I'm using scala 2.12 spark 3.0.0. I have to create one single json string where each attribute comes from different tables and save that resulting json in another dataframe, i.e (using 1 row only in this example to keep it simple)
tableA
id | action | date |
---|---|---|
u1 | insert | 20210428 |
tableB
id | name | date |
---|---|---|
u1 | some name | 20210428 |
I need to return the following :
{
"A": [
{
"id":"u1",
"action": "insert",
"date": "20210428"
}
],
"B": [
{
"id":"u1",
"name": "some name"
"date": "20210428",
}
]
}
I've tried many things but the closest i've gotten is doing the following for each table:
val tableADF = spark.read.format("delta").load(path +"/tableA")
val tableADF = spark.read.format("delta").load(path +"/tableB")
create the dataframe with all vaules converted to json for each table
val tableAJsonDF = tableADF.groupBy("date").agg(collect_list(struct($"id",$"action")).alias("attributesA"))
val tableBJsonDF = tableBDF.groupBy("date").agg(collect_list(struct($"id",$"name")).alias("attributesB"))
date | attributesA |
---|---|
20210428 | [{"id":"u1", "action": "insert"}] |
date | attributesB |
---|---|
20210428 | [{"id":"u1", "name": "some name"}] |
Now combine the json from both tables into one json to be added to a new dataframe:
val schema = new StructType().add("request", StringType)
val requestDF = spark.createDataFrame(sc.emptyRDD[Row], schema)
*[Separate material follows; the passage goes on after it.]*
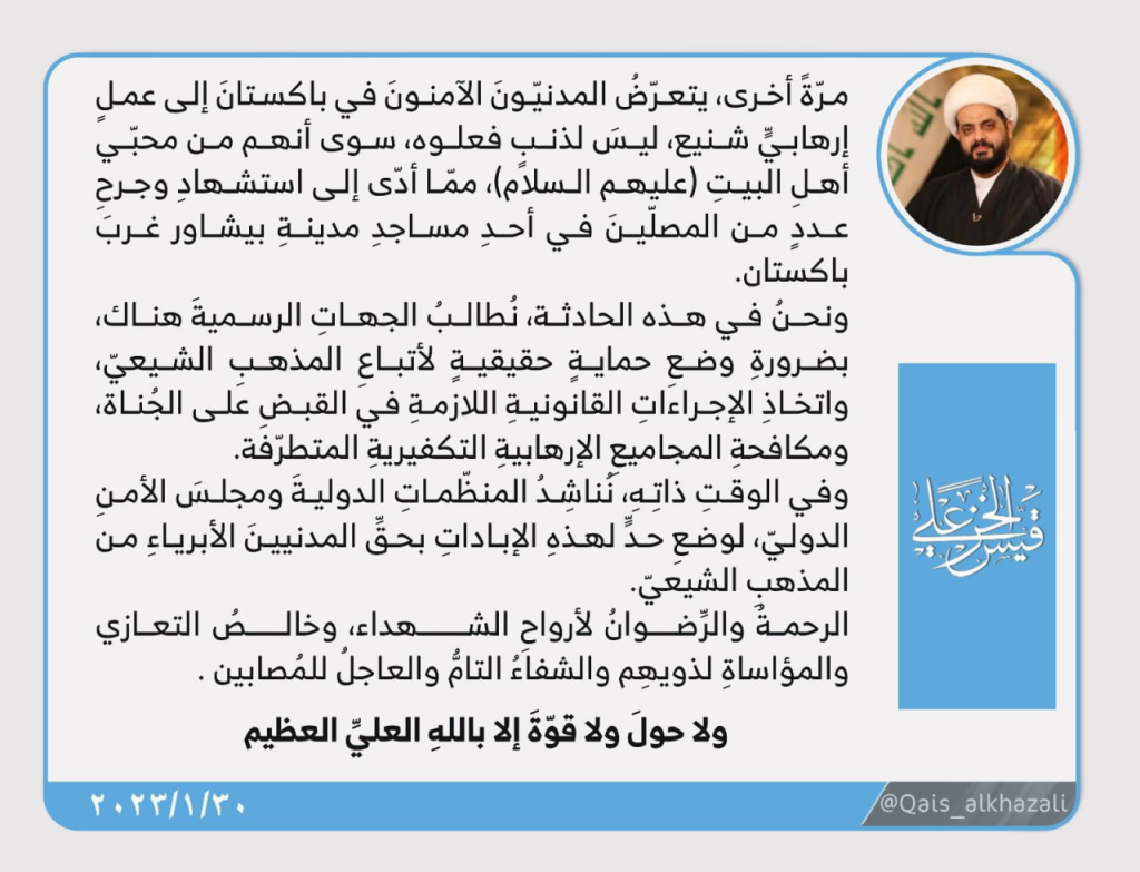 وكتب الشيخ الخزعلي، اليوم الاثنين، في تغريده على تويتر، قائلاً إن “مرّةً أخرى، يتعرّضُ المدنيّونَ الآمنون في باكستان إلى عمل إرهابي شنيع”، مشيراً الى أن “ليسَ لذنب فعلوه، سوى أنهم من محبّي أهل البيت (عليهم السلام)، ممّا أدّى إلى استشهاد وجرح عدد من المصلين في أحد مساجد مدينة بيشاور غرب باكستان”.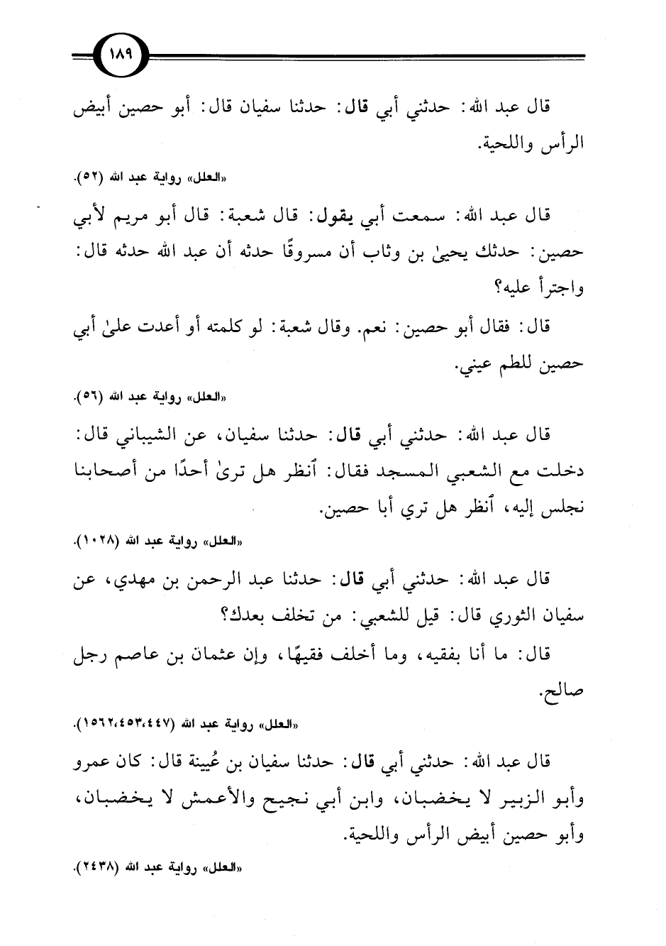 "العلل" رواية عبد اللَّه (447، 453، 1562).

val resultDF = requestDF.withColumn("request", concat(to_json(tableAJsonDF("attributesA")),
to_json(tableBJsonDF("attributesB"))))
but I get the following error. I read that this type of error happens when you try to combine two dataframes but I can't seem to find a way to create 1 single json as shown in the desired results by combining both attributes into 1 new column, any ideas?
org.apache.spark.sql.AnalysisException: Resolved attribute(s) attributesA#4726,attributesB#4783 missing from request#24790 in operator !Project [concat(to_json(attributesA#4726, Some(EST)), to_json(attributesB#4783, Some(EST))) AS request#24792].;;